Despite my grief, and maybe partly because of it, I have some thoughts and images I want to share here. You see, life feels very precious to me right now. Fragile, yes, but I’m also keenly aware of the sweetness of relationships and the beauty that is all around me. As one who has always wanted to think I can look down the road to prepare for what might be coming, I’m now only able to take one step at a time. In fact, I think I’m doing pretty good when I manage to put one foot in front of the other.
My energy is low. I don’t want to allow this blog to become an obligation or burden, so I’ve decided to simply promise myself – and you – a weekly entry, knowing the door is open for additional posts as and when I want.
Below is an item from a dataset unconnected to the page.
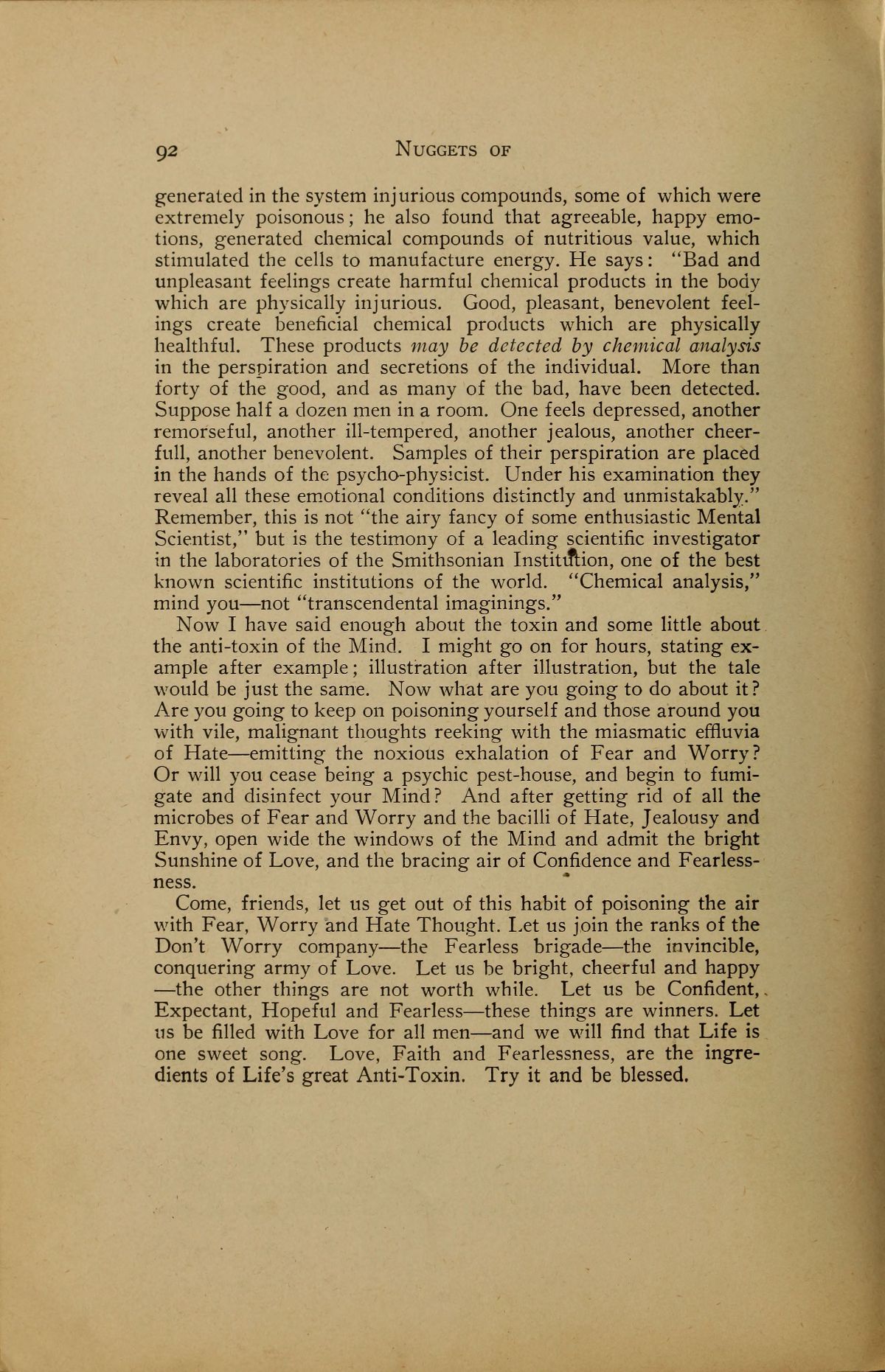 generated in the system injurious compounds, some of which were extremely poisonous; he also found that agreeable, happy emotions, generated chemical compounds of nutritious value, which stimulated the cells to manufacture energy. He says: "Bad and unpleasant feelings create harmful chemical products in the body which are physically injurious. Good, pleasant, benevolent feelings create beneficial chemical products which are physically healthful. These products may be detected by chemical analysis in the perspiration and secretions of the individual. More than forty of the good, and as many of the bad, have been detected. Suppose half a dozen men in a room. One feels depressed, another remorseful, another ill-tempered, another jealous, another cheerfull, another benevolent. Samples of their perspiration are placed in the hands of the psycho-physicist. Under his examination they reveal all these emotional conditions distinctly and unmistakably." Remember, this is not "the airy fancy of some enthusiastic Mental Scientist," but is the testimony of a leading scientific investigator in the laboratories of the Smithsonian Institution, one of the best known scientific institutions of the world. "Chemical analysis," mind you --- not "transcendental imaginings."

Both Jeff and I walk with our eyes open for blogging possibilities, so there will still always be ample material to draw from. At this moment, I am keeping my possibilities open.
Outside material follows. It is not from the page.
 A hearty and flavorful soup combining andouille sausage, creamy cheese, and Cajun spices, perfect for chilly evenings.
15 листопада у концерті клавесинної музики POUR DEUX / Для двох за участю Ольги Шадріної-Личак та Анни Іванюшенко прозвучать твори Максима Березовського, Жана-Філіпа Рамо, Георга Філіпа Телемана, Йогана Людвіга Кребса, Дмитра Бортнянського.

I know that I am walking through uncharted territory in my inner world, and its seasons will reflect on my experiences in the outer world, and vice versa. What I’ve always loved about Walking in the Word is the invitation and permission to be spontaneous, to focus on the the quotidien, the daily experience, rather than only marking the deeper insights and brighter aha’s of what I call my cathedral moments. Even though it is no longer a daily blog, I still want to show up here without my mask of formal writing and well-curried emotions. For me, that’s what it means to truly walk in the world.
I’m so proud of you my dear friend! Thank you for your words, for sharing your grief and your healing heart. It helps me and I know it helps others. Love you and Miss you!
Keep on trukkin’ Mama
Trukkin’ your blues away!
Thinking of you and Jeff
Quite frequently,
Blissings
}:-)
Sig
Keep walking dear friend… keep walking.. so many of us are walking with you in spirit!
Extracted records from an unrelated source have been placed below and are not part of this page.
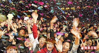 臺(tái)中市跨年晚會(huì)倒數(shù)結(jié)束后,撒下慶祝新年的紙花,民眾興奮不已。來源:臺(tái)灣《蘋果日報(bào)》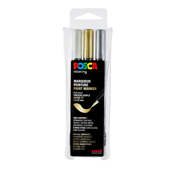 Posca Brush PC-350 3-pack – guld silver vit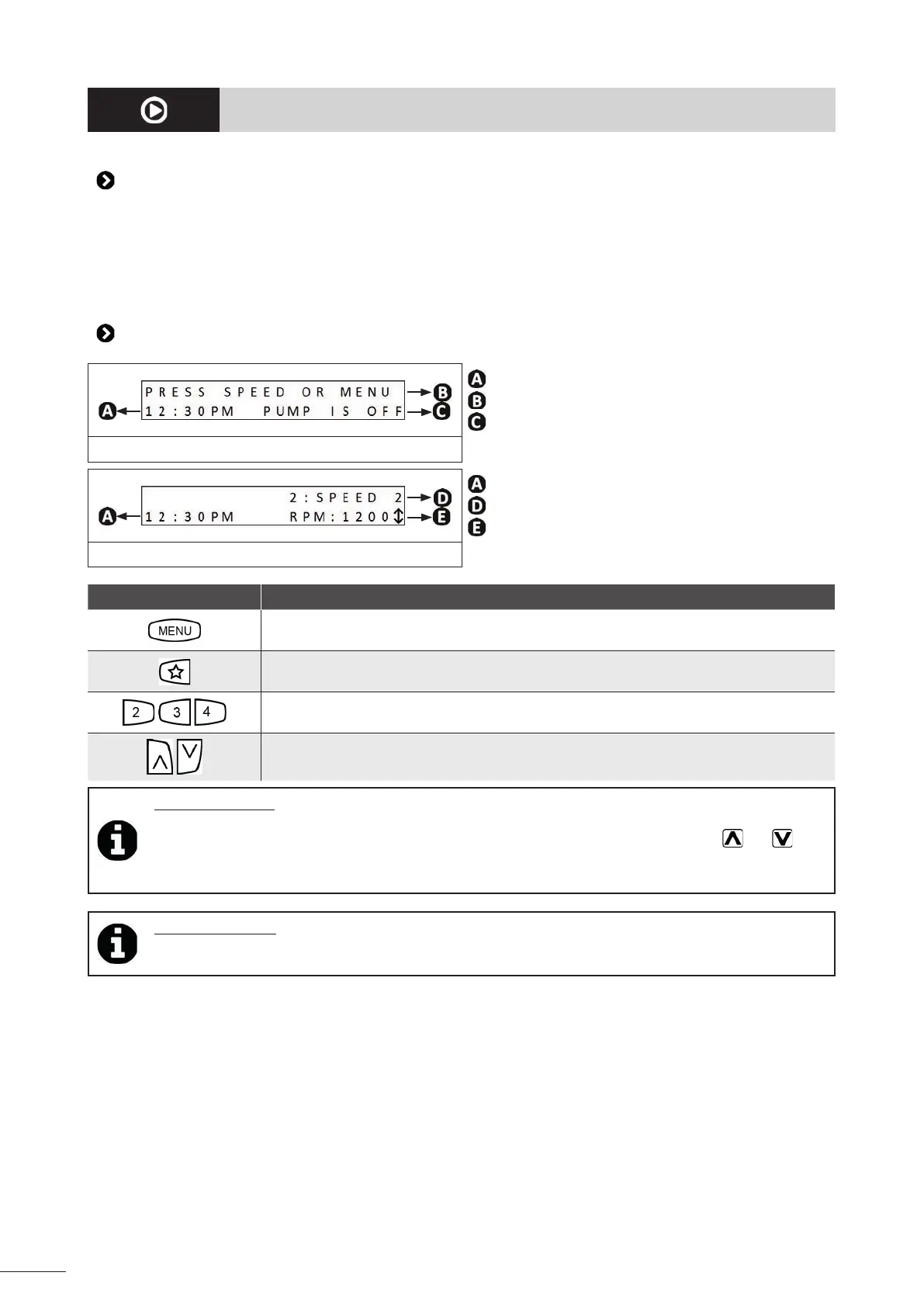 • ↕ = indicates that the speed can be increased or reduced in intervals of 10 rpm using the

Our walking in the world does not always take us in the direction we had planned, keeping the mystery in life. I have been thinking of you.
Working Together – David Whyte
We shape our self
to fit this world
and by this world are shaped again.
The visible and the invisible
working together in common cause,
to produce the miraculous.
I am thinking of the way the intangible air
passed at speed round a shaped wing
easily holds our weight.
So, may we, in this life trust to those elements
we have yet to see or imagine,
and look for the true shape of our own self,
by forming it well
to the great intangibles about us.
I share your grief, Kimberly, having lost my beloved mother, Trish’s mother and brother, and our cherished family cat during the past year–the last two within three days of each other. Like you, I want to move forward with my writing projects but get rolled by wave after wave of grief. The losses remind me of the passage of time and the aging of a younger self who believes in the promise of plenty of time and energy to pursue her dreams. Yet Death’s message is firm and clear: Don’t wait for someday. Do it now. So I drag myself out of bed every morning to do the work that is mine to do–pen to page, fingertips on keyboard, stringing letters together into words, words into paragraphs, paragraphs into pages until the story is told. I wish you courage, dear friend, as we move onward together as storytellers of the Aquarian Age.